Anchor deliverable: 4-day practical workshop in September 2026, department-facing.

  • Days 1–3: lecture + hands-on, 6 h/day
  • Day 4: participant presentations (~20 min each)
  • Scope: BIDS + DataLad + Snakemake (open-science foundation) + projio (agentic toolchain) + worklog (orchestration)
  • Working title: The Agentic Research Workflow — final TBD.

Architecture decision (2026-05-07)

Two distinct workspaces, not one:

Surface Location Lifecycle
Handbook + blog projio/docs/handbook/ and projio/docs/blog/ (this workspace) Living, evergreen, projio's existing docs site
Workshop course materials /storage2/arash/teaching/agentic-workshop/2026-09/ (NEW workspace, not yet provisioned) Time-bounded; iterations as sibling dirs (2027-XX/, etc.)

Why the split: - Handbook = textbook (curated, polished, evergreen). Workshop = course (scaffolded for first exposure, time-stamped, has datasets/exercises/participant artifacts). - Mixing pollutes handbook with workshop ephemera (rosters, dry-run notes, post-mortems). - Workshop iteration N+1 should be a sibling dir, not branch history.

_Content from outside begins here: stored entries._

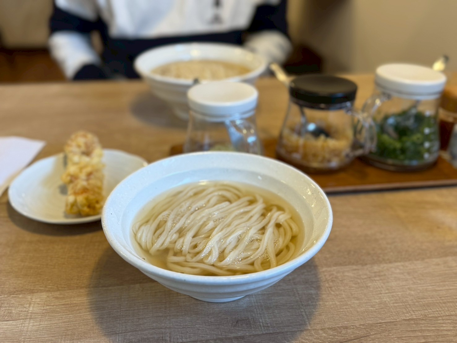 かけの出汁は昆布メインの関西風で、我々からすると懐かしさを感じる味わいですが、麺が決定的に違うので違和感を楽しむことができます。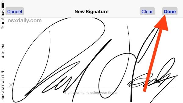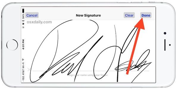 3.然後就用你的手指在屏幕上寫下你的大名吧,接著點擊“完成”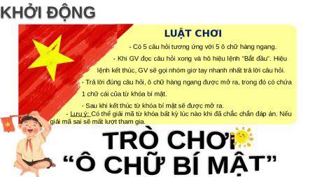 - Có 5 câu hỏi tương ứng với 5 ô chữ hàng ngang.

Cross-reference, don't co-locate. Workshop materials link into handbook chapters; original workshop content (exercise specs, datasets, learning outcomes, day-4 rubric) lives only in teaching/agentic-workshop/.

The Rust Book pattern (separate book repo, branded under language site) was discussed but rejected for now: Arash is sole author of both projio and the handbook → no community/cadence reason to fork repos. Revisit only if projio becomes a public/open-source tool that other researchers adopt.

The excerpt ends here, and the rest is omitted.